Como funciona um agente de IA?
De
forma geral, agentes de IA operam a partir de objetivos: diante de uma meta
específica, são capazes de planejar etapas, dividir o problema em tarefas
menores e executar ações de forma contínua até alcançar o resultado esperado.
Ao
longo desse processo, eles utilizam dados para tomar decisões, ajustar o
caminho e, quando necessário, criar novas tarefas para avançar. Entre suas
principais capacidades estão o raciocínio, para analisar informações e
resolver problemas, e a ação, que envolve interagir com sistemas, executar
comandos e responder a diferentes contextos.
Importante
destacar que os agentes de IA também podem incorporar mecanismos de
observação e planejamento, além de atuar de forma colaborativa com humanos
ou outros sistemas e ajustar seu desempenho com base em resultados anteriores.
Tipos
de agentes de IA e valor de implementação
Existem diferentes tipos de agentes de
IA, que variam conforme a atuação e o nível de complexidade.

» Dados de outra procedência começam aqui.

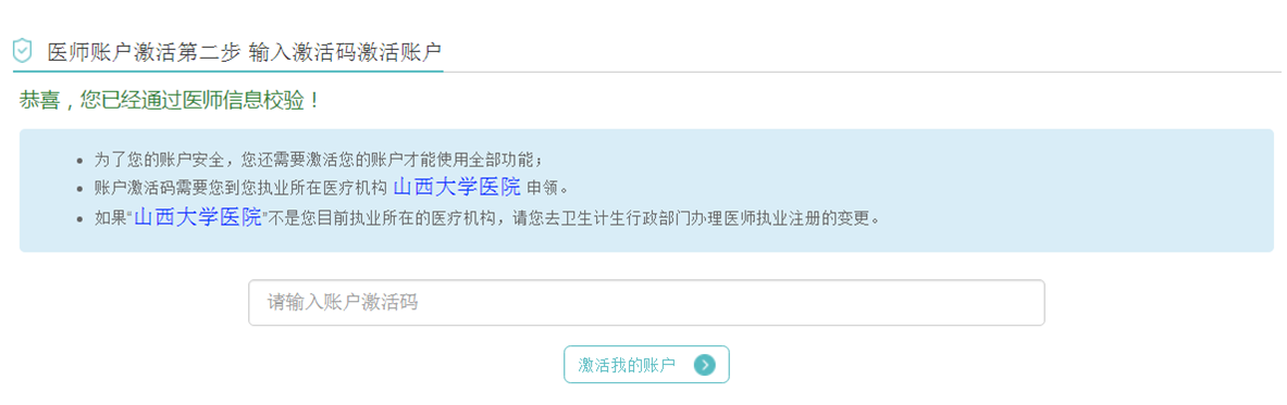 安全驗證完成后,請聯(lián)系您主要執(zhí)業(yè)機構(gòu)的負(fù)責(zé)人,醫(yī)療機構(gòu)會發(fā)送激活碼至您的手機或郵箱。正確填入激活碼后,點擊【激活我的賬戶】。

Alguns, por exemplo, interagem
diretamente com o usuário (como os usados em atendimento e vendas), enquanto
outros operam em segundo plano,
automatizando tarefas e processos sem interação direta. Também há agentes individuais,
voltados a funções específicas, e sistemas multiagentes, em que
diferentes agentes atuam de forma coordenada para lidar com demandas mais
complexas.
De modo geral, esses sistemas podem
variar desde modelos mais simples, baseados em regras, até versões avançadas,
capazes de planejar ações, aprender com dados e tomar decisões com base em
objetivos.
Já o custo de implementação depende
de fatores como nível de personalização, volume de uso e integração com outros
sistemas — sendo que soluções mais robustas e adaptadas à realidade da
empresa tendem a exigir maior investimento, além de custos contínuos de
manutenção e evolução.
Como
criar e treinar um agente de IA?
É possível contratar serviços
especializados ou criar agentes de IA em plataformas na internet. Caso não
exista um que atenda às necessidades, um usuário também consegue desenvolver
um agente totalmente personalizado, de acordo com os desafios do negócio.

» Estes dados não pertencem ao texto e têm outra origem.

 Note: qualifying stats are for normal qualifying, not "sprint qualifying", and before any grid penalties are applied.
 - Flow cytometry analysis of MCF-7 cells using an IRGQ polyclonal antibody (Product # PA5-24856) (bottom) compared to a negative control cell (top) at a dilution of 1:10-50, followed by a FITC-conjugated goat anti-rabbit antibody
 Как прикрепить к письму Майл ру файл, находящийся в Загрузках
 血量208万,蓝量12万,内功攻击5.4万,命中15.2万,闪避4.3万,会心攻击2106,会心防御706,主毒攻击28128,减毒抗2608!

Para criar e treinar um agente de IA, o
primeiro passo é definir claramente o que se deseja executar, como
otimizar o atendimento ao cliente, gerar relatórios ou obter insights de dados.
Nesse sentido, é importante analisar o fluxo de trabalho e identificar tarefas
que podem ser automatizadas ou aprimoradas com o uso da IA.
Em seguida, a construção de um bom
prompt é essencial: é preciso fornecer contexto, definir a persona do
agente, seus objetivos, descrever o passo a passo das tarefas e incluir
exemplos. Quanto mais detalhadas forem as instruções, incluindo o que deve
ser feito e em qual formato os resultados devem ser entregues, como textos ou
planilhas, melhores serão os resultados. Também é importante estruturar a base
de conhecimento do agente, que pode incluir documentos específicos, pastas ou
até busca na web.
Após a criação, monitorar o desempenho
com base em métricas e expectativas de sucesso é algo fundamental, permitindo
ajustes contínuos a partir de dados e feedbacks dos usuários, o que contribui
para melhorar a experiência ao longo do tempo.
Metodologia
Para
compreender o interesse por agentes de IA nos mecanismos digitais, foram
consideradas pesquisas no Google realizadas por brasileiros durante os últimos
doze meses. A investigação foi pautada por expressões como “agente de IA” e
suas variações, abrangendo todas as buscas relativas ao segmento nas cinco
regiões nacionais. Em seguida, os tipos de agentes e dúvidas foram dispostos em
um ranking baseado no volume total de buscas ao longo do último ano.